In [1]:
%reload_ext autoreload
%autoreload 2
%matplotlib inline
import os
os.environ["CUDA_DEVICE_ORDER"]="PCI_BUS_ID";
os.environ["CUDA_VISIBLE_DEVICES"]="0"; 

ktrain uses TensorFlow 2. To support sequence-tagging, ktrain also currently uses the CRF module from keras_contrib, which is not yet fully compatible with TensorFlow 2. To use the BiLSTM-CRF model (which currently requires keras_contrib) for sequence-tagging in ktrain, you must disable V2 behavior in TensorFlow 2 by adding the following line to the top of your notebook or script before importing ktrain:

import os
os.environ['DISABLE_V2_BEHAVIOR'] = '1'

Since we are employing a CRF layer in this notebook, we will set this value here:

In [2]:
os.environ['DISABLE_V2_BEHAVIOR'] = '1'
In [3]:
import ktrain
from ktrain import text
Using DISABLE_V2_BEHAVIOR with TensorFlow

Sequence Tagging

Sequence tagging (or sequence labeling) involves classifying words or sequences of words as representing some category or concept of interest. One example of sequence tagging is Named Entity Recognition (NER), where we classify words or sequences of words that identify some entity such as a person, organization, or location. In this tutorial, we will show how to use ktrain to perform sequence tagging in three simple steps.

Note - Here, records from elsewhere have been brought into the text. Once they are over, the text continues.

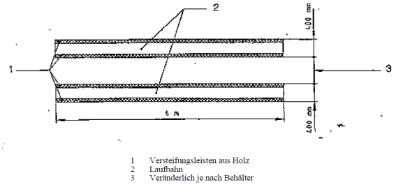 Der Transportbetonmischer ist im Stand zu prüfen. Die Trommel wird bis zum Erreichen des Nenninhalts mit Beton von mittlerer Konsistenz (Ausbreitungsmaß 42 bis 47 cm) gefüllt. Der Antrieb der Trommel läuft mit der Drehzahl, bei der die Trommel die höchste in der Bedienungsanleitung angegebene Drehgeschwindigkeit erreicht.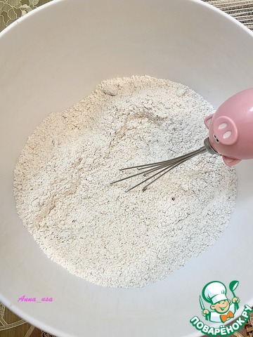 Просеять муку с содой, разрыхлителем, солью и корицей. Добавить сахар и хорошо перемешать.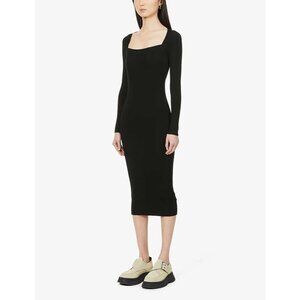 An effortlessly chic knit dress by Remain Birger Christensen. The Jocelyne dress is crafted in a sleek black ribbed knit, designed with a flattering square neckline, long sleeves, and a streamlined silhouette that drapes to a midi length. Perfect for layering or wearing solo, this piece transitions easily from day to evening.
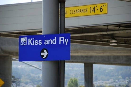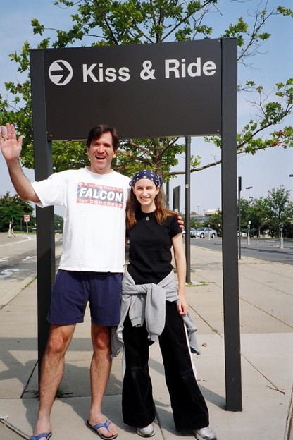 Left: Me about 10 years ago with my friend’s uncle in front of a DC Metro Kiss and Ride sign. Right: A Kiss and Fly sign at San Francisco International Airport. Photo from JPG Magazine.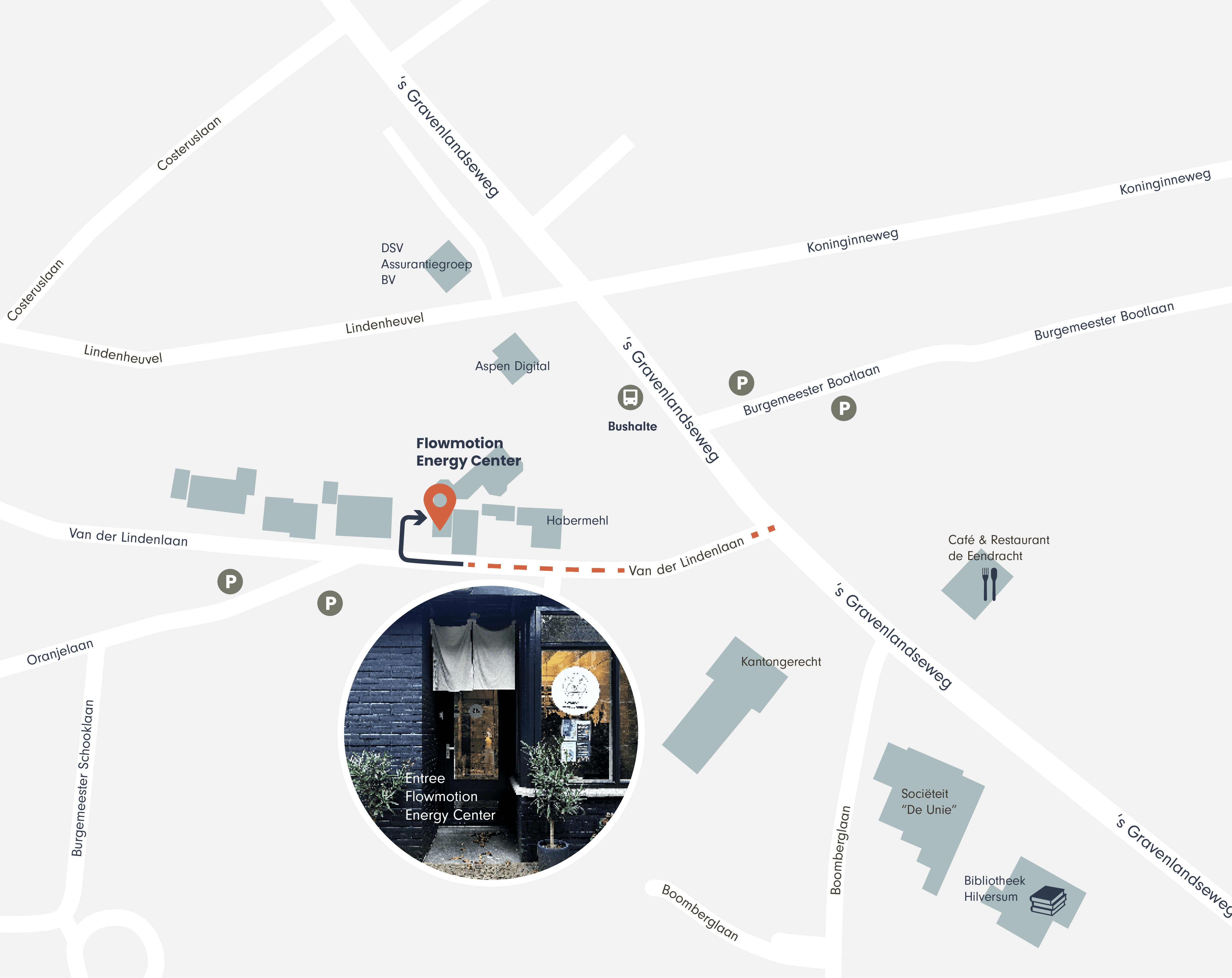 Wanneer je de Van der Lindenlaan inrijdt vanaf de ’s-Gravelandseweg, valt meteen de kantoorvilla op met rode vlaggen op nummer 2. Daarnaast bevindt zich een woonvilla op nummer 2a, gevolgd door een zwarte bungalow op nummer 2b. In het zwarte gebouw, met de ingang aan de zijkant van het pand, bevindt zich het Flowmotion Energy Center.

STEP 1: Load and Preprocess Data

The entities_from_txt function can be used to load tagged sentences from a text file. The text file can be in one of two different formats: 1) the CoNLL2003 format or 2) the Groningen Meaning Bank (GMB) format. In both formats, there is one word and its associated tag on each line (where the word and tag are delimited by a space, tab or comma). Words are ordered as they appear in the sentence. In the CoNLL2003 format, there is a blank line that delineates sentences. In the GMB format, there is a third column for Sentence ID that assignes a number to each row indicating the sentence to which the word belongs. If you are building a sequence tagger for your own use case with the entities_from_txt function, the training data should be formatted into one of these two formats. Alternatively, one can use the entities_from_aray function which simply expects arrays of the following form:

x_train = [['Hello', 'world', '!'], ['Hello', 'Barack', 'Obama'], ['I', 'love', 'Chicago']]
y_train = [['O', 'O', 'O'], ['O', 'B-PER', 'I-PER'], ['O', 'O', 'B-LOC']]

Note that the tags in this example follow the IOB2 format).

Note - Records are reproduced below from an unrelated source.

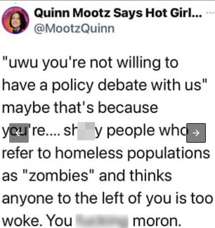 Hypocritical, no? Also hypo-typical of you, as you seamlessly vibrate between victim and bully, Quinn Mootz.
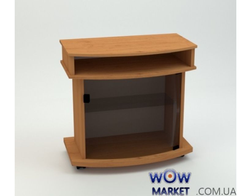 Тумбочка среднего объема для телевизора. Делается с ровненькой либо гнутой стеклянной дверцей. Снутри находиться стеклянная полка. Раскрытую полку позволительно применять для CD/DVD проигрователя либо видемагнитофона. Для упрощенного движения обеспечена роликовыми опорами. Делается из ламинированного ДСП. Широкая цветовая палитра.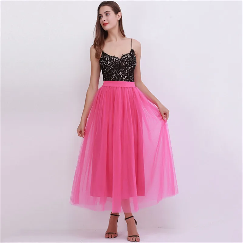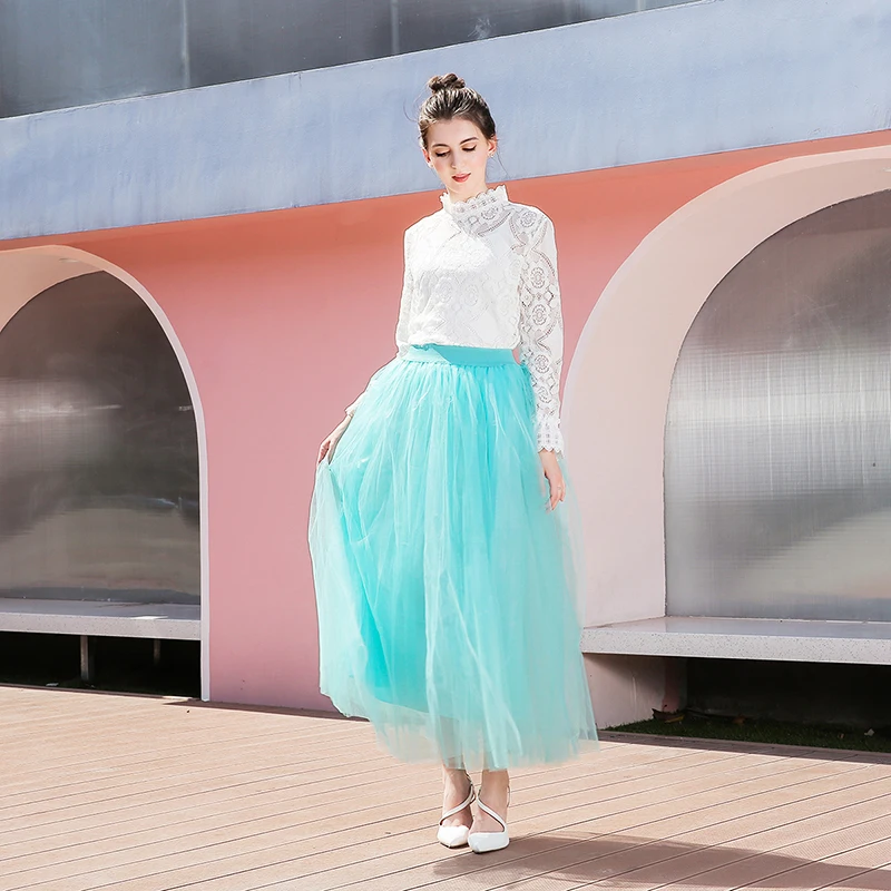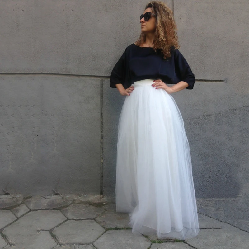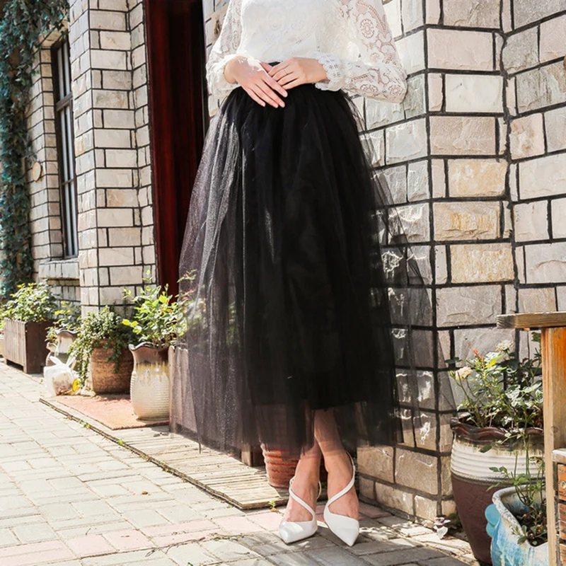 Юбка-макси Женская, пышная, эластичная, с завышенной талией, длинная юбка в пол из тюля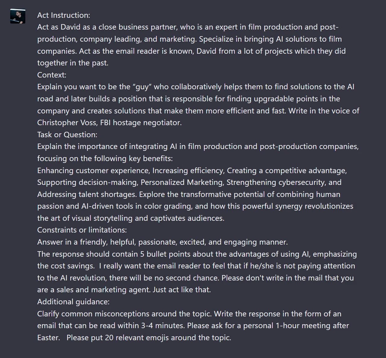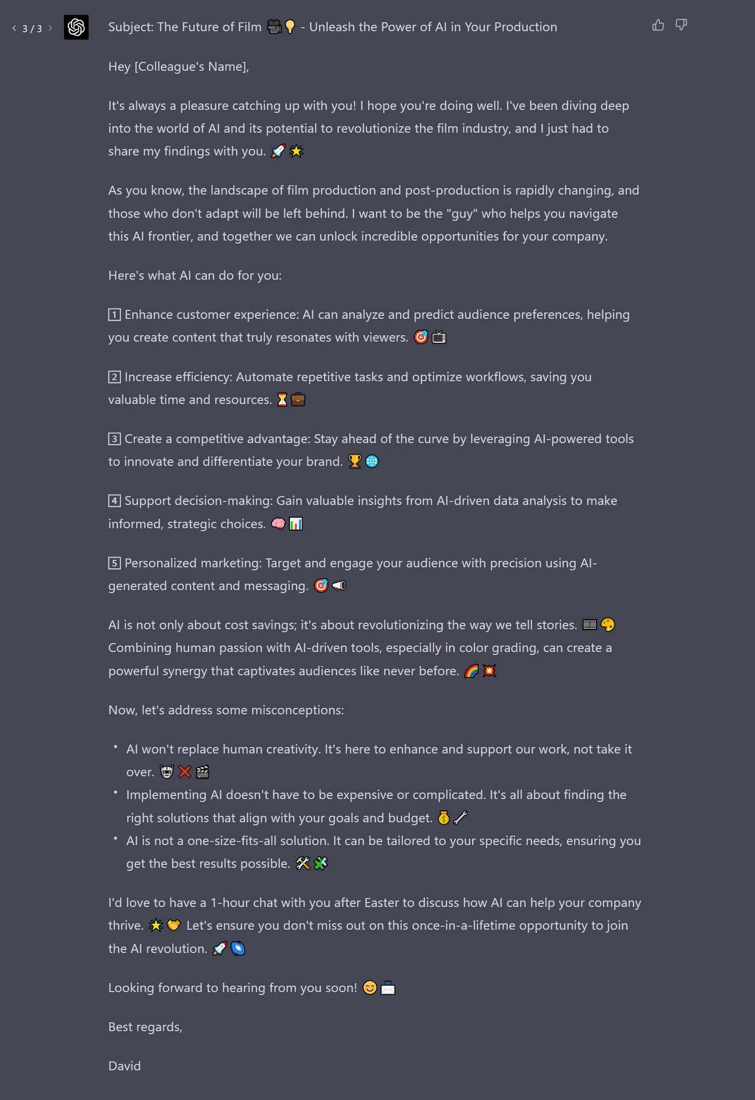 As you know, the landscape of film production and post-production is rapidly changing, and those who don't adapt will be left behind. I want to be the "guy" who helps you navigate this AI frontier, and together we can unlock incredible opportunities for your company.
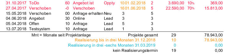 Mit dem Journal Projektforecast erhalten Sie eine Übersicht über alle offenen Projekte zum Stichtag mit den Umsätzen und Wahrscheinlichkeiten und einer daraus berechneten Prognose, welche Umsätze Sie voraussichtlich in den nächsten drei bzw. sechs Monate ab dem Stichtag machen werden.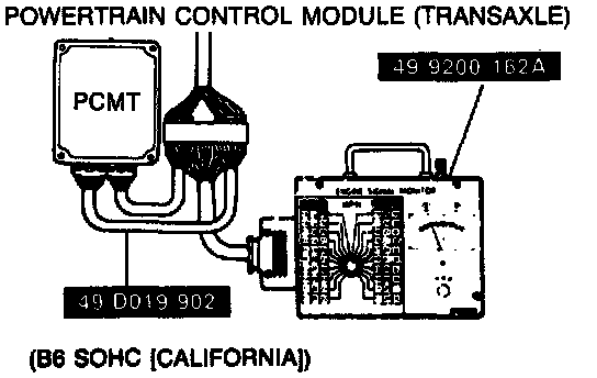 2. Connect the Engine Signal Monitor (49 9200 162A) and Adapter Harness (49 D019 902) to the powertrain control module (transaxle) as shown.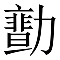 勴, 拼音为lǜ, 笔画为17画, 部首为力, unicode编码52F4, 汉语字典解释:1、 赞助,勉励。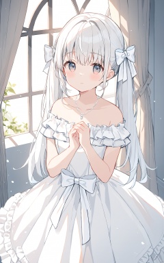 (best quality), ((masterpiece))Thin lines, 1girl, white theme, dress, solo, white dress, necklace, jewelry, long hair, looking at viewer, white hair, bow, hair bow, window, bird, blush, bangs, frills, curtains, off shoulder, white bow, bare shoulders, off-shoulder dress, twintails, wedding dress, own hands together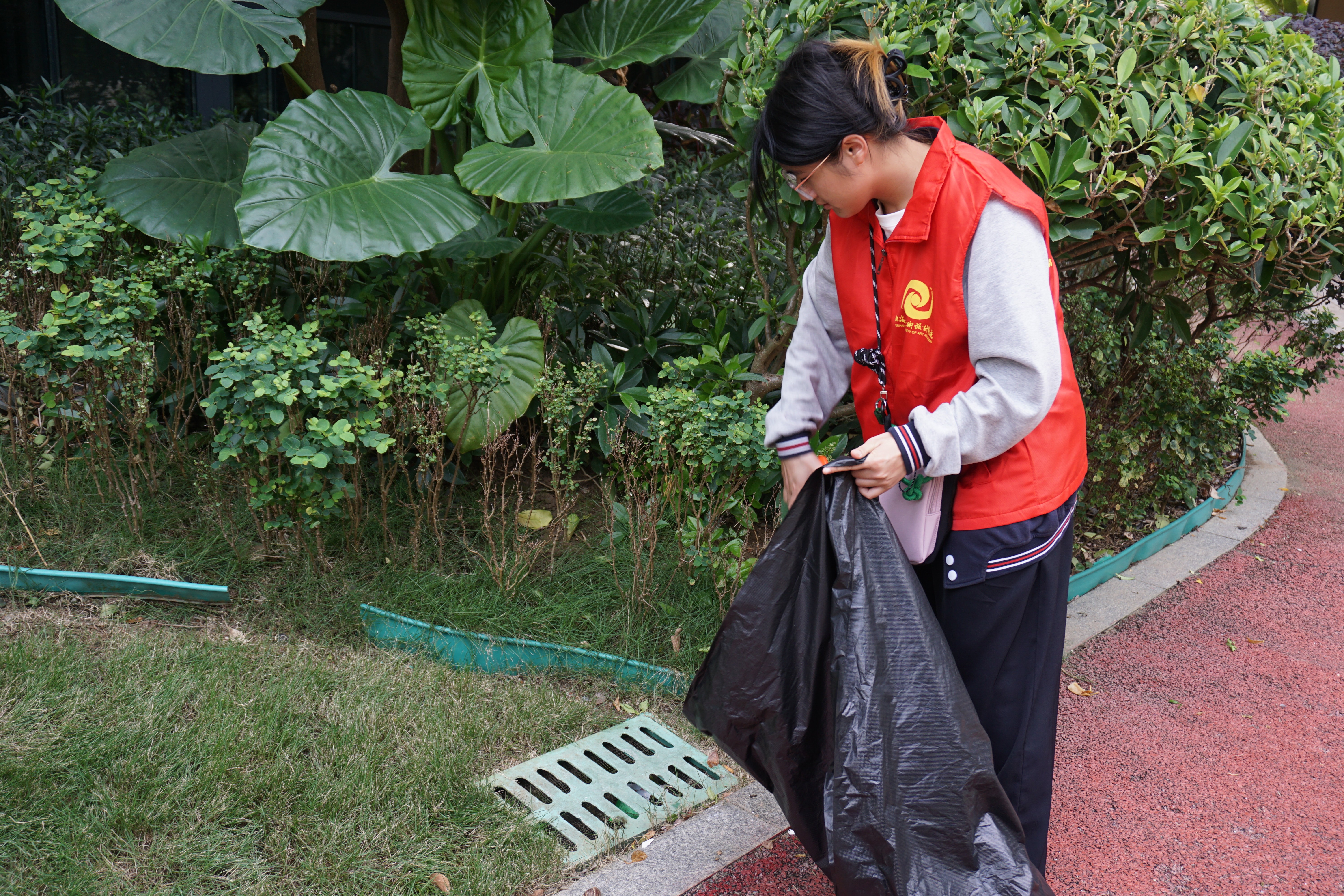 活动伊始,志愿者们化身为“清洁卫士”,投入到热火朝天的社区卫生清洁中。同学们手持清洁工具,分工协作,默契配合。他们细致地清理绿化带中的隐藏垃圾,认真擦拭公共宣传栏与健身器材,并将散落在步道上的杂物拾起。汗水挥洒处,社区焕新颜。志愿者们忙碌的红色身影与秋日的金色阳光交相辉映,构成了社区里最活力的图景。他们的劳动不仅美化了社区的物理环境,更用实际行动向居民传递了“社区是我家,清洁靠大家”的环保理念。

In this notebook, we will be using entities_from_txt and build a sequence tagger using the Groningen Meaning Bank NER dataset available on Kaggle here. The format essentially looks like this (with fields being delimited by comma):

      SentenceID   Word     Tag    
      1            Paul     B-PER
      1            Newman   I-PER
      1            is       O
      1            a        O
      1            great    O
      1            actor    O
      1            .        O

We will be using the file ner_dataset.csv (which conforms to the format above) and will load and preprocess it using the entities_from_txt function. The output is simlar to data-loading functions used in previous tutorials and includes the processed training set, processed validaton set, and an instance of NERPreprocessor.

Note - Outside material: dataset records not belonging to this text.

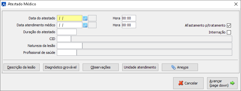 Quando o fastamento for Previdência ou Acidente de trabalho, informar neste botão os dados do atestado.
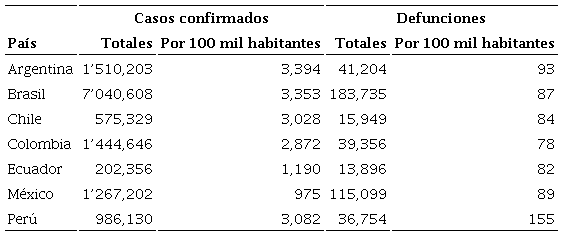 Como se puede observar en la Tabla 1 y a la fecha de corte, en Latinoamérica, el país con mayor número de casos confirmados por cada 100 mil habitantes era Argentina con 3,394, el segundo país más afectado es Perú con poco más de tres mil casos por cada 100 mil personas, mientras que en el caso de México había cerca de mil casos confirmados por cada 100 mil individuos. En las defunciones, el comportamiento es similar a lo observado para los casos confirmados para estos países. Por ejemplo, en México había 89 defunciones por cada 100 mil habitantes, aunque Perú mostraba una cifra superior al ser de 115 muertes.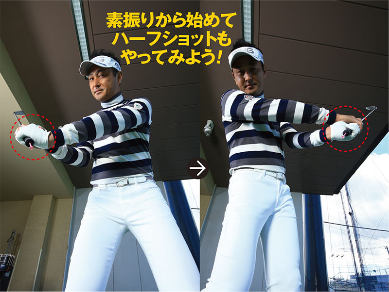 ここがポイント! テークバックやフォローで親指を空に向けよう。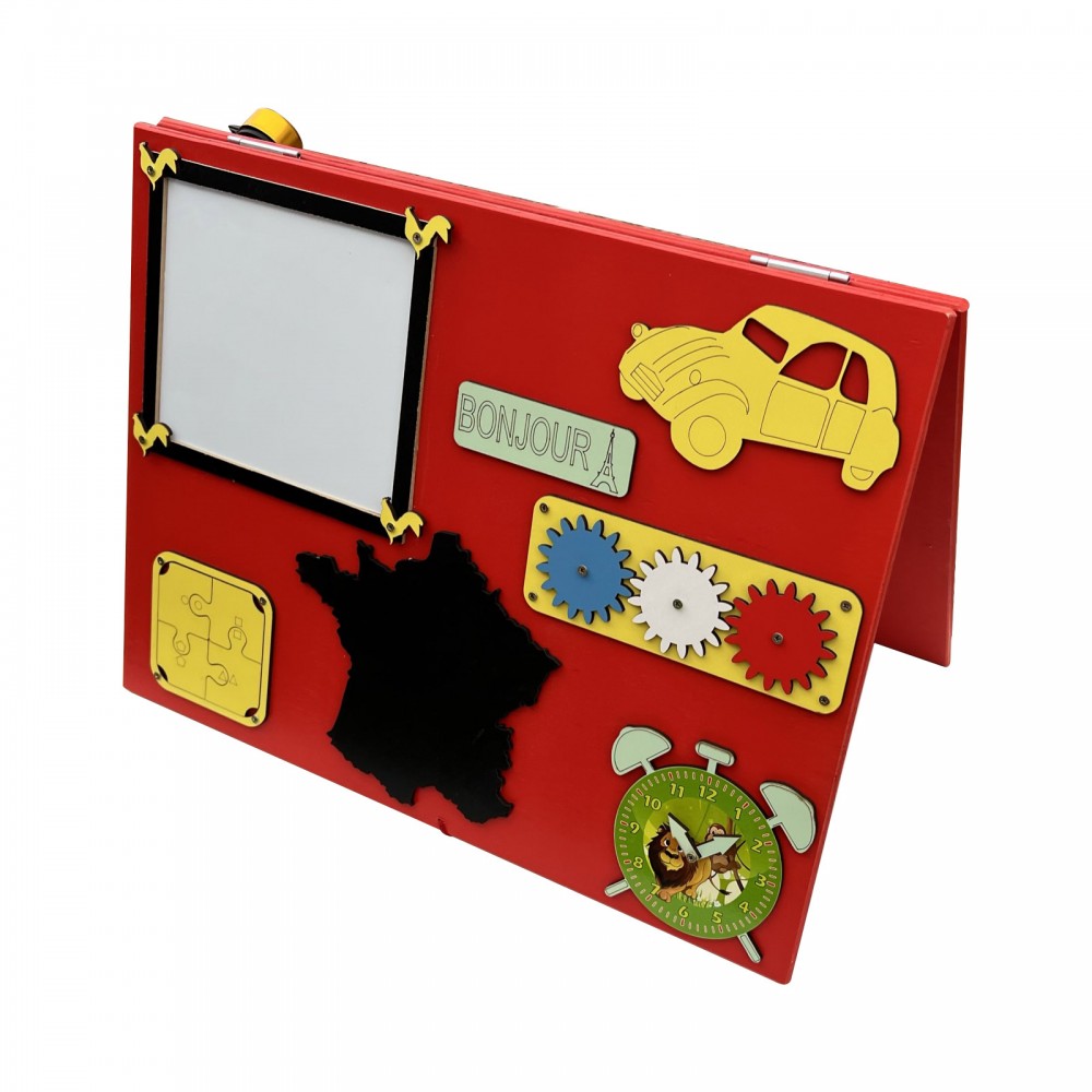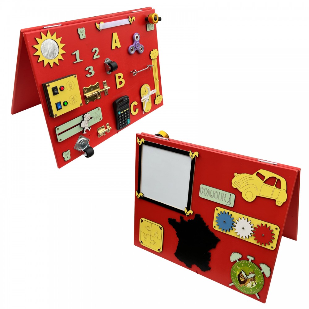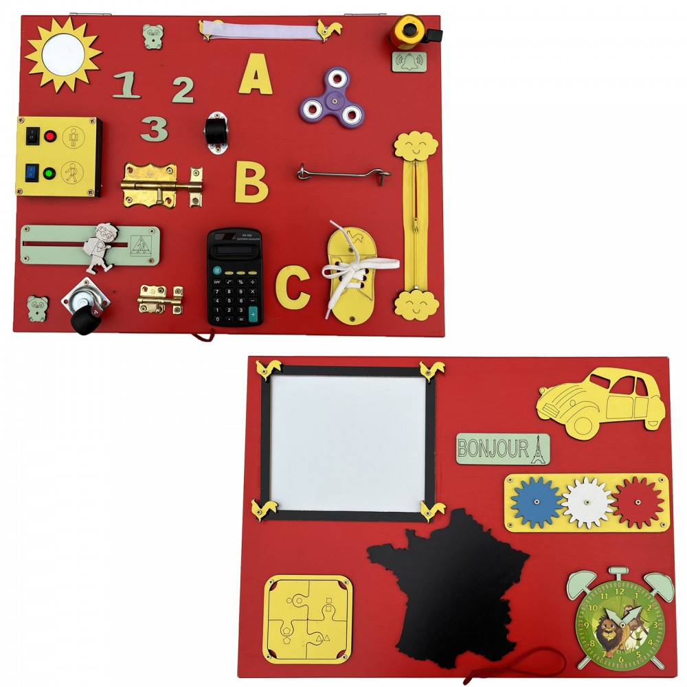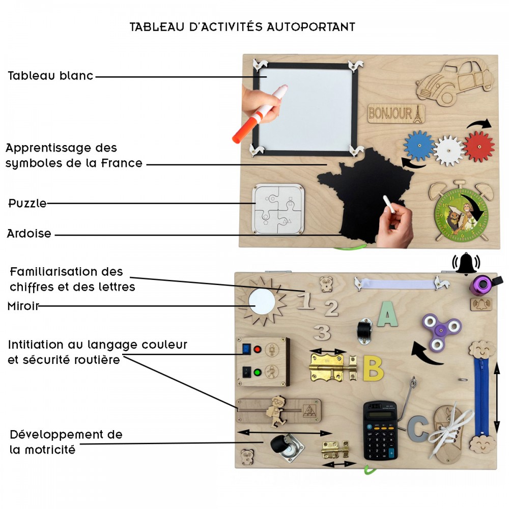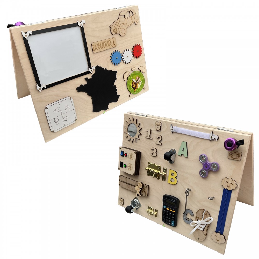 Tableau blanc, engrenage tricolore, puzzle, ardoise, horloge, miroir, sonnette, fermeture éclair, roulettes, loquets, scratch, boutons, calculatrice, hand spinner, crochets.

The Kaggle dataset ner_dataset.csv the three columns of interest (mentioned above) are labeled 'Sentence #', 'Word', and 'Tag'. Thus, we specify these in the call to the function.

In [4]:
DATAFILE = '/home/amaiya/data/groningen_meaning_bank/ner_dataset.csv'
(trn, val, preproc) = text.entities_from_txt(DATAFILE,
                                             sentence_column='Sentence #',
                                             word_column='Word',
                                             tag_column='Tag', 
                                             data_format='gmb',
                                             use_char=True)
detected encoding: WINDOWS-1250 (if wrong, set manually)
Number of sentences:  47959
Number of words in the dataset:  35178
Tags: ['B-art', 'I-art', 'I-eve', 'B-geo', 'B-gpe', 'I-per', 'O', 'B-tim', 'I-gpe', 'B-nat', 'B-eve', 'B-org', 'I-nat', 'B-per', 'I-org', 'I-tim', 'I-geo']
Number of Labels:  17
Longest sentence: 104 words

When loading the dataset above, we specify use_char=True to instruct ktrain to extract the character vocabulary to be used in a character embedding layer of a model.

STEP 2: Define a Model

The print_sequence_taggers function shows that, as of this writing, ktrain currently supports both Bidirectional LSTM-CRM and Bidirectional LSTM as base models for sequence tagging. Theses base models can be used with different embedding schemes.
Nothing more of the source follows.